The Rev. Robert Watts Thornburg, dean of the Marsh Chapel at Boston University, says the Boston Church of Christ continues to be a major problem.

Mr. Thornburg says he gets about eight complaints from parents each week about the group, and more than a dozen students drop out of the university each semester to work for it.

Educational programs in the residence halls, Mr. Thornburg says, have had some effect in alerting students to what he says are the possible dangers of joining the group.

Ronald N. Loomis, director of unions and activities at Cornell University and until last month the national president of the Cult Awareness Network, was one of the first administrators in the country to initiate a cult-education program.

About 11 years ago Mr. Loomis began coordinating cult-awareness programs, including filmstrips and testimonials by ex-cult members, for residence-hall assistants and other students. In a typical academic year, he says, several thousand students attend the programs.

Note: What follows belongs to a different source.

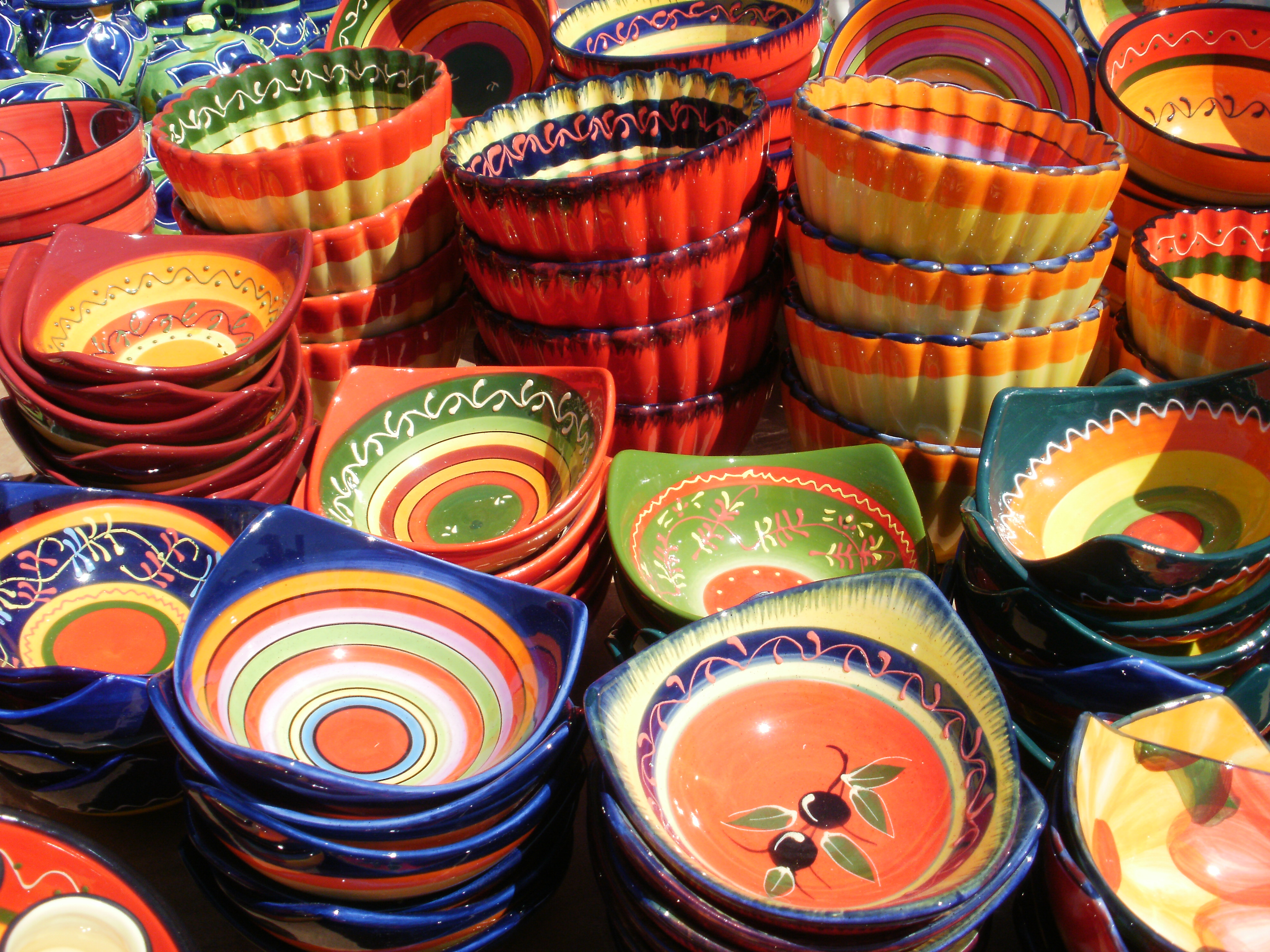 Items for sale include brightly painted pottery, locally grown fruit and sometimes irregularly-shaped vegetables, spices, olives and nuts, as well as clothing, handbags, shoes and jewellery.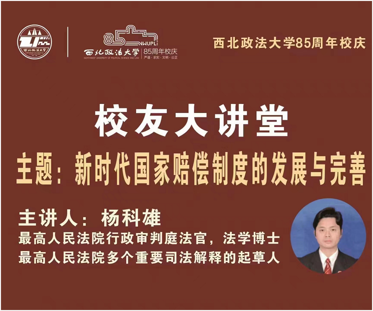 10月28日晚,由行政法学院(纪检监察学院)主办的beat365英国官网85周年校庆系列学术讲座在线上顺利举行。学院邀请最高人民法院行政审判庭法官、法学博士,校友杨科雄法官为师生做题为《新时代国家赔偿制度的发展与完善》的讲座。beat365英国官网行政法学院(纪检监察学院)院长姬亚平教授主持讲座,校内外师生、学术界专家、律师等近三百人在线上参加讲座。

Cult-like evangelical groups concern Mr. Loomis because they appear traditional. "It's very difficult for students or campus ministers to tell the difference," he says. "You really have to probe beneath the surface to see the difference."

The University of California at Berkeley last spring appointed a committee to investigate cult activities on its campus. The committee includes faculty and staff members, counselors, academic advisers, and a lawyer.

Hal Reynolds, a Berkeley student-affairs administrator, says many more complaints about cults had been received in academic 1988-89 than in previous years. The committee decided to make up fliers to tell staff members and new students about cults and to train about 200 student-life staff members to educate other students about potential dangers.

At Western Michigan University, campus ministers have been informing counseling-center employees, student staff members, residence-hall directors, and students living in the dormitories about the potential dangers of cults. Ronald B. Grant, a United Methodist campus minister, says several cult-like groups exist at Western Michigan and adds that the education program has been somewhat successful in making students more aware of them.

However, Charles G. Donnelly, director of student life and associate dean of students at the university, says he hasn't had complaints about campus religious groups in several years. He adds that he wouldn't characterize any of the groups as cults.

Mr. Donnelly says the campus ministers are not employed by the university and the administration does not get involved in cult education. "Why should we get involved?" he asks. "We have no proof that anything is going wrong."